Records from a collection
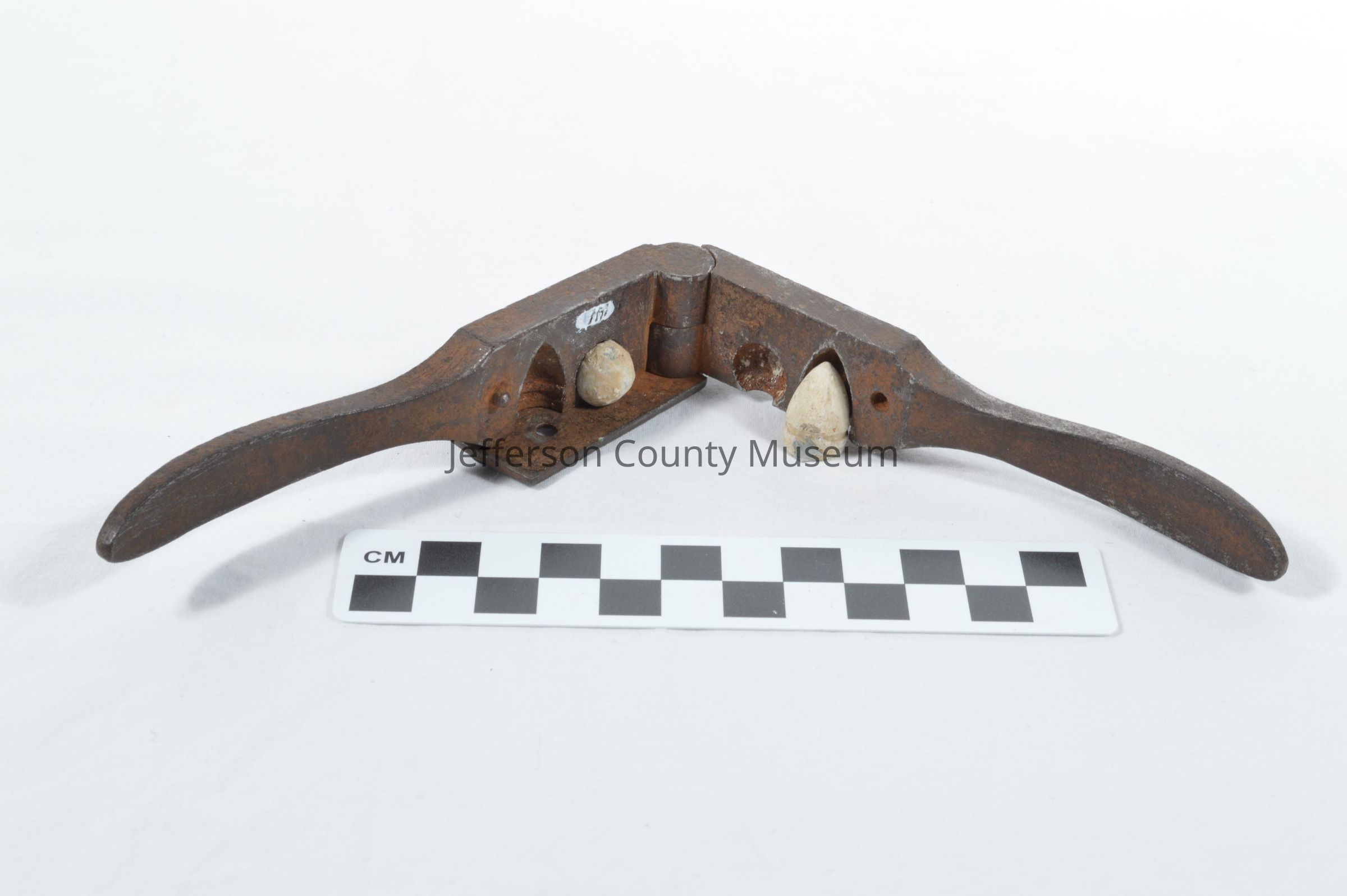 Iron mold with one mold for balls and one for minie bullets. Lead minie ball (Obj #2109) inside mold. Opens and closes like pliers.Acquisition
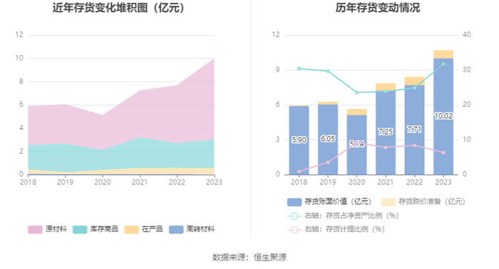 从存货变动来看,截至2023年年末,公司存货账面价值为10.02亿元,占净资产的31.69%,较上年末增加2.3亿元。其中,存货跌价准备为6830.35万元,计提比例为6.38%。
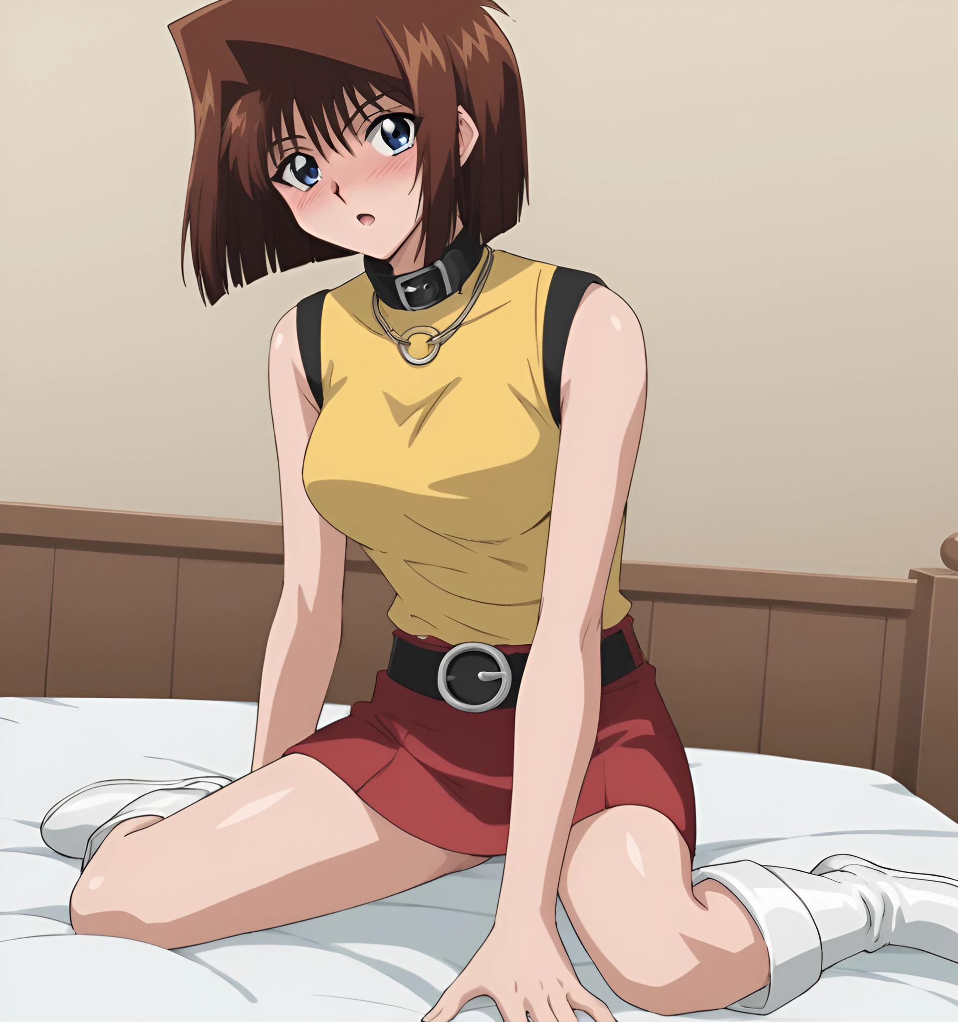 yellow turtleneck shirt ,black collar, sleeveless, black sleeveless shirt, red skirt, metal circle necklace, black belt, white boots, yellow briefcase
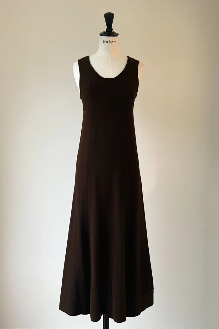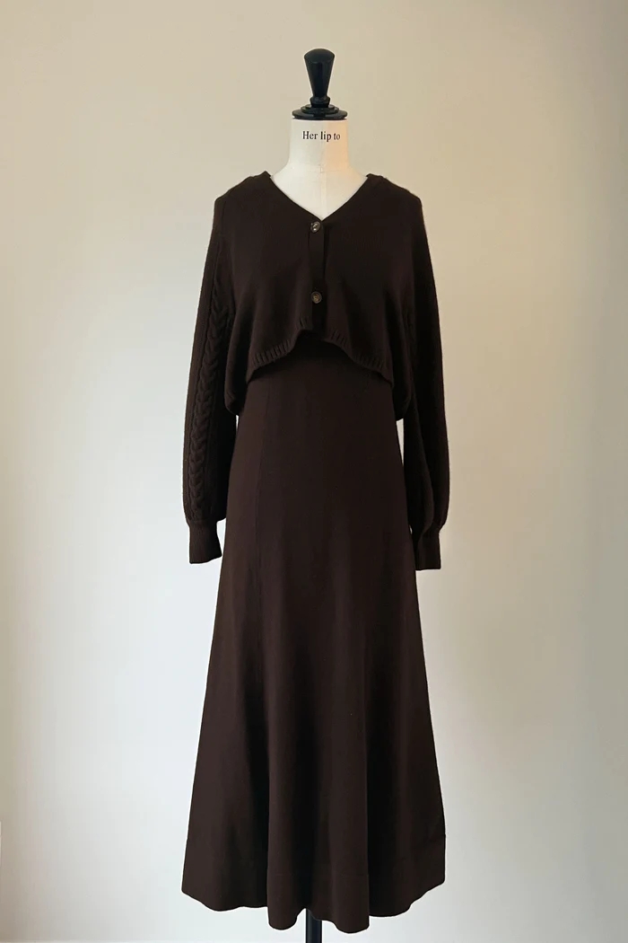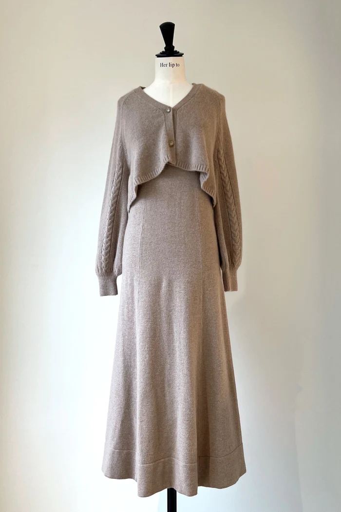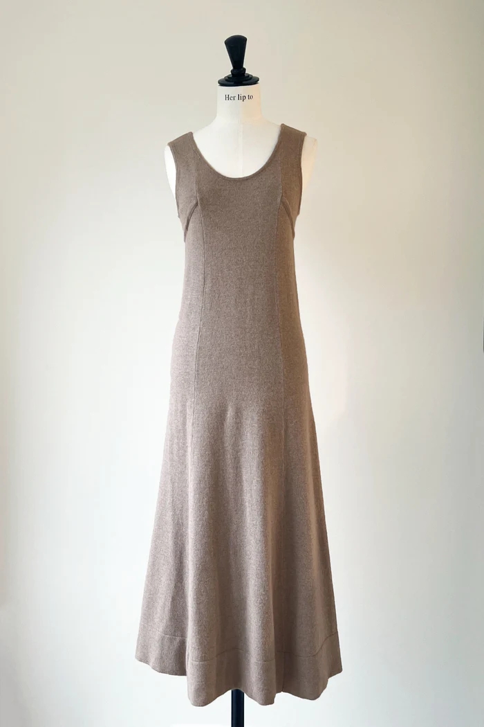 緩いフレアシルエットが優美で大人なニットワンピースに仕上がりました。
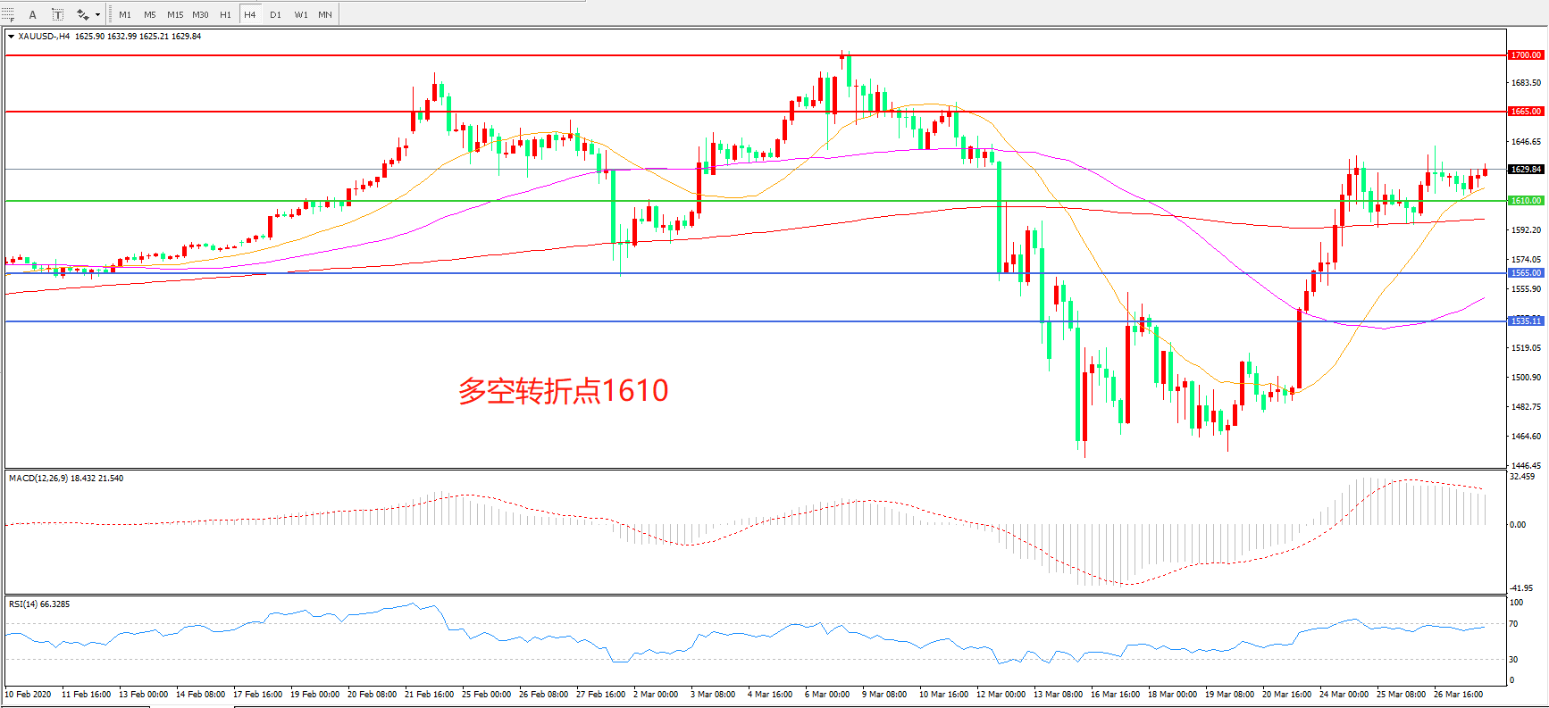 备选策略:在1610.00之下看跌,目标1565.00 1535.00
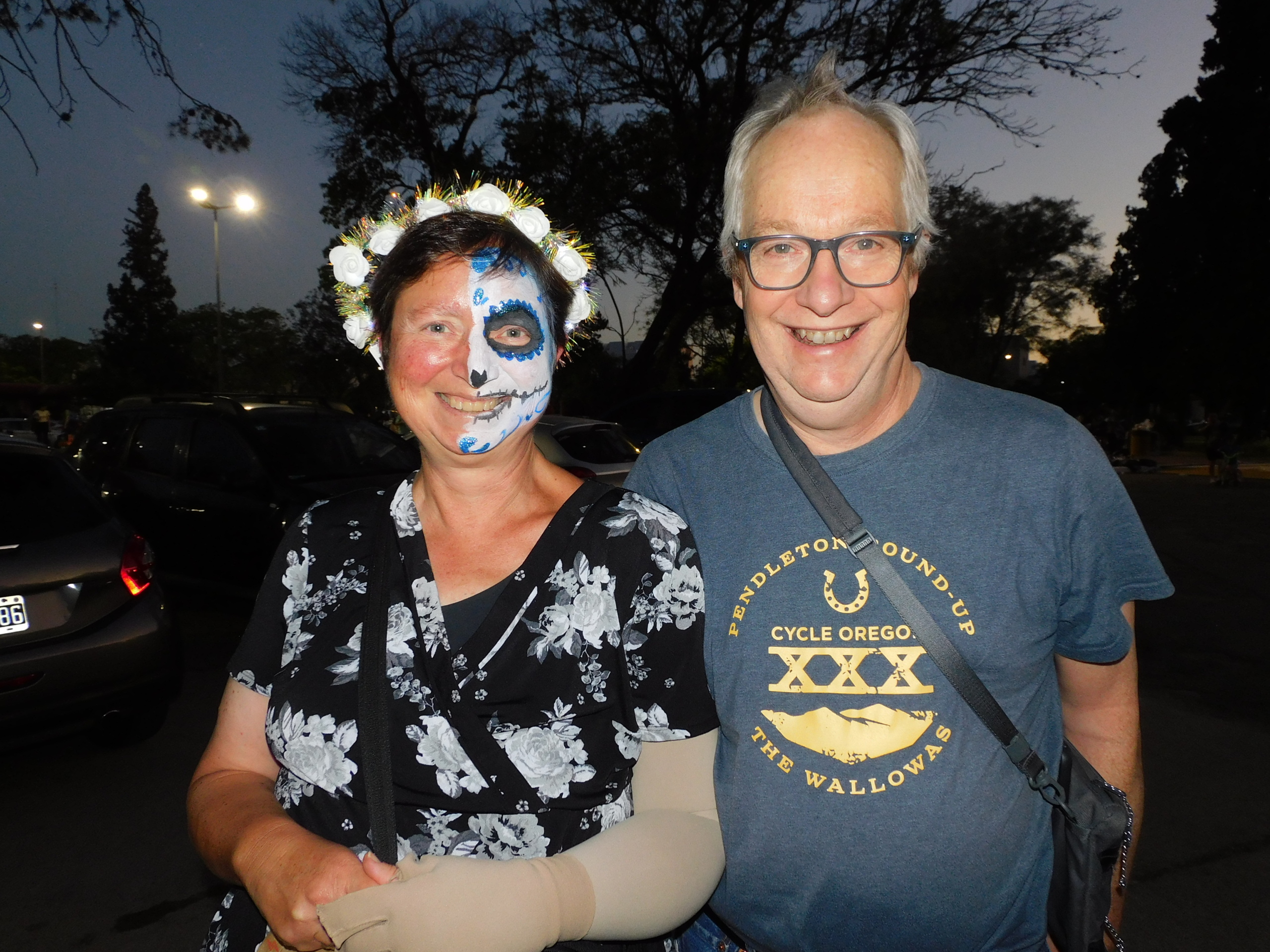 Caminando de la mano por el predio, también se pudo ver a una pareja estadounidense que vacacionaba en la ciudad y, sorprendidos por la magnitud del evento, decidió participar del mismo. Marry, con su rostro maquillado a tono con la temática, expresó: “No me lo quería perder, por eso, lo agarré del brazo a mi marido y lo traje para ver de qué se trataba esto. Estamos maravillados”.
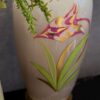 Bình thuỷ tinh hoa rum tên tiếng anh Arum màu sắc sặc sỡ được vẽ trên thân bình, phần cổ và chân bình được mạ vàng.
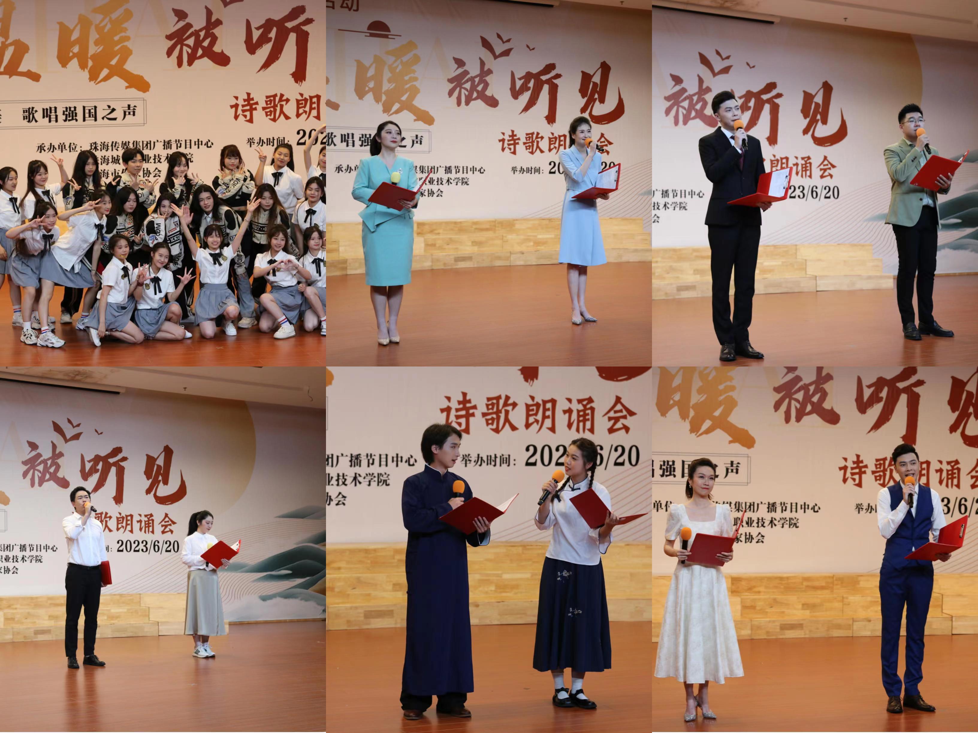 本次活动由中共珠海市委宣传部、珠海市文明办主办,我校和珠海传媒集团广播节目中心、珠海市作家协会共同承办。诗歌朗诵会以“诗颂青春之美,歌唱强国之声”为主题,表演者们通过原创诗歌、经典作品、情景诗朗诵、合唱等多样化的表演方式,用深厚的家国情怀和激情澎湃、昂扬向上的时代强音,表达青年对党和祖国的热爱、强国复兴有我的决心,展现广大青年奋进新征程、建功新时代的蓬勃力量。
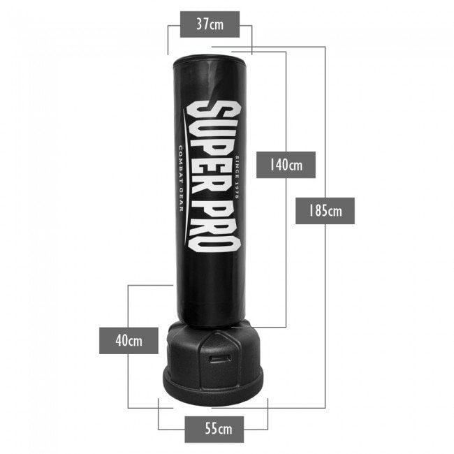 Deze bokspaal is gemaakt van een hard plastic als basis die gevuld dient te worden met grind of zand. Deze basis staat zeer stabiel tijdens de training. Het deel waartegen je kunt slaan en trappen is van een zeer sterk kunstleder gemaakt waardoor de staande bokszak enorm slijtvast is. De binnenzijde is geproduceerd van meerdere lagen polyethaan schuim. Dit schuim is zeer flexibel waardoor het telkens weer terug komt en er geen gaten ontstaan. Deze staande bokszak van Super Pro is mede zo fantastisch in gebruik door zijn grote stoot oppervlak. De deel waar je zowel je high kicks, low kicks als ook de slagen perfect op kunt trainen is maar liefst 140 cm lang en heeft een diameter van 37 cm waardoor de staande bokszak ook nog eens breder dan normaal is. De voet is ongeveer 40 cm hoog waardoor de staande bokszak in totaal 186 cm hoog is. De voet heeft een diameter van 58 cm.
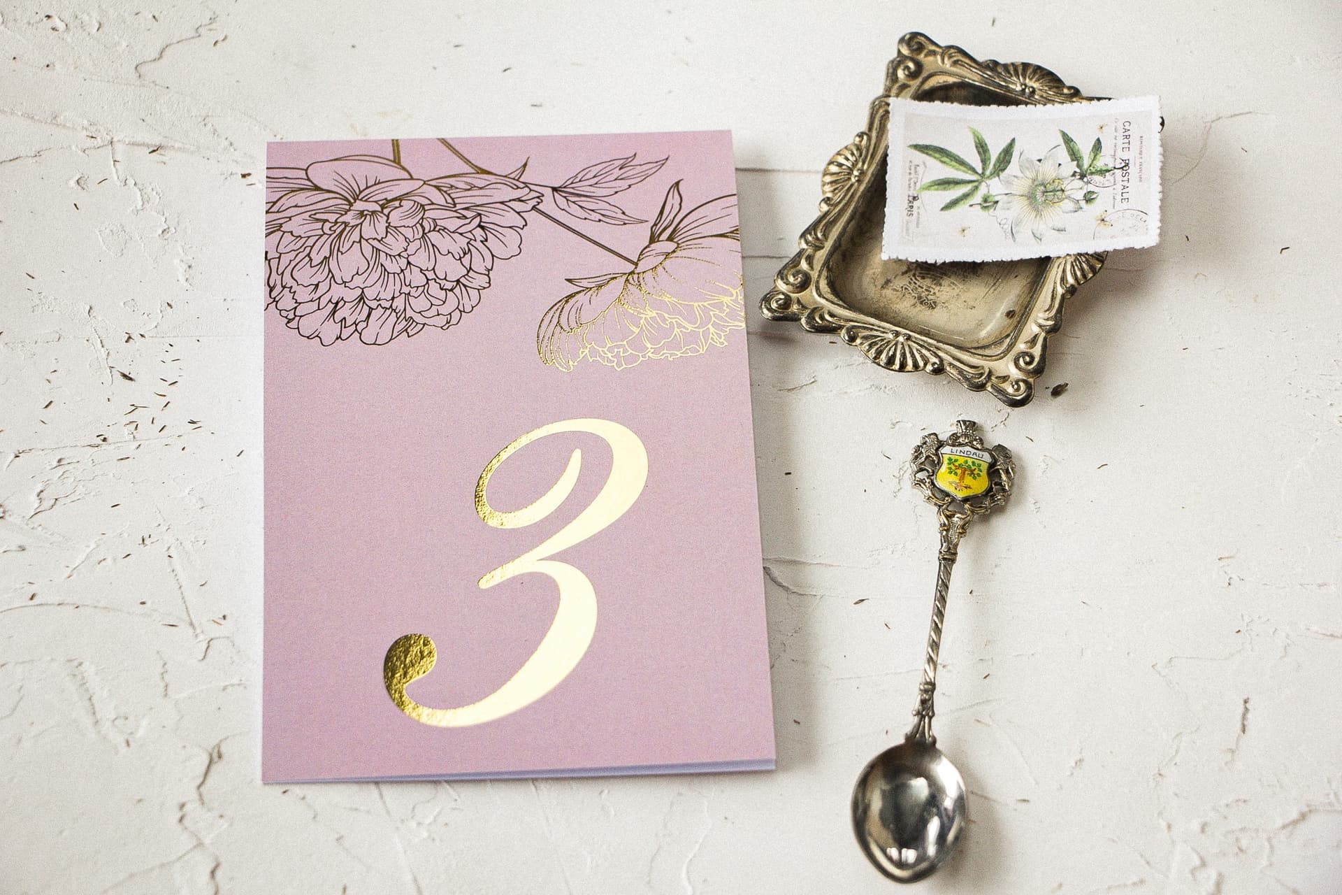 Vergoldete Tischnummern mit Pfingstrosen | Elegante Tischnummerierung pastellfarbene Blumen | Pattern Nr. 4

TASK TO CARRY OUT
The entries above need to be transcribed word for word, and the pictures stay out.

EXPECTED OUTPUT
 Iron mold with one mold for balls and one for minie bullets. Lead minie ball (Obj #2109) inside mold. Opens and closes like pliers.Acquisition
 从存货变动来看,截至2023年年末,公司存货账面价值为10.02亿元,占净资产的31.69%,较上年末增加2.3亿元。其中,存货跌价准备为6830.35万元,计提比例为6.38%。
 yellow turtleneck shirt ,black collar, sleeveless, black sleeveless shirt, red skirt, metal circle necklace, black belt, white boots, yellow briefcase
 緩いフレアシルエットが優美で大人なニットワンピースに仕上がりました。
 备选策略:在1610.00之下看跌,目标1565.00 1535.00
 Caminando de la mano por el predio, también se pudo ver a una pareja estadounidense que vacacionaba en la ciudad y, sorprendidos por la magnitud del evento, decidió participar del mismo. Marry, con su rostro maquillado a tono con la temática, expresó: “No me lo quería perder, por eso, lo agarré del brazo a mi marido y lo traje para ver de qué se trataba esto. Estamos maravillados”.
 Bình thuỷ tinh hoa rum tên tiếng anh Arum màu sắc sặc sỡ được vẽ trên thân bình, phần cổ và chân bình được mạ vàng.
 本次活动由中共珠海市委宣传部、珠海市文明办主办,我校和珠海传媒集团广播节目中心、珠海市作家协会共同承办。诗歌朗诵会以“诗颂青春之美,歌唱强国之声”为主题,表演者们通过原创诗歌、经典作品、情景诗朗诵、合唱等多样化的表演方式,用深厚的家国情怀和激情澎湃、昂扬向上的时代强音,表达青年对党和祖国的热爱、强国复兴有我的决心,展现广大青年奋进新征程、建功新时代的蓬勃力量。
 Deze bokspaal is gemaakt van een hard plastic als basis die gevuld dient te worden met grind of zand. Deze basis staat zeer stabiel tijdens de training. Het deel waartegen je kunt slaan en trappen is van een zeer sterk kunstleder gemaakt waardoor de staande bokszak enorm slijtvast is. De binnenzijde is geproduceerd van meerdere lagen polyethaan schuim. Dit schuim is zeer flexibel waardoor het telkens weer terug komt en er geen gaten ontstaan. Deze staande bokszak van Super Pro is mede zo fantastisch in gebruik door zijn grote stoot oppervlak. De deel waar je zowel je high kicks, low kicks als ook de slagen perfect op kunt trainen is maar liefst 140 cm lang en heeft een diameter van 37 cm waardoor de staande bokszak ook nog eens breder dan normaal is. De voet is ongeveer 40 cm hoog waardoor de staande bokszak in totaal 186 cm hoog is. De voet heeft een diameter van 58 cm.
 Vergoldete Tischnummern mit Pfingstrosen | Elegante Tischnummerierung pastellfarbene Blumen | Pattern Nr. 4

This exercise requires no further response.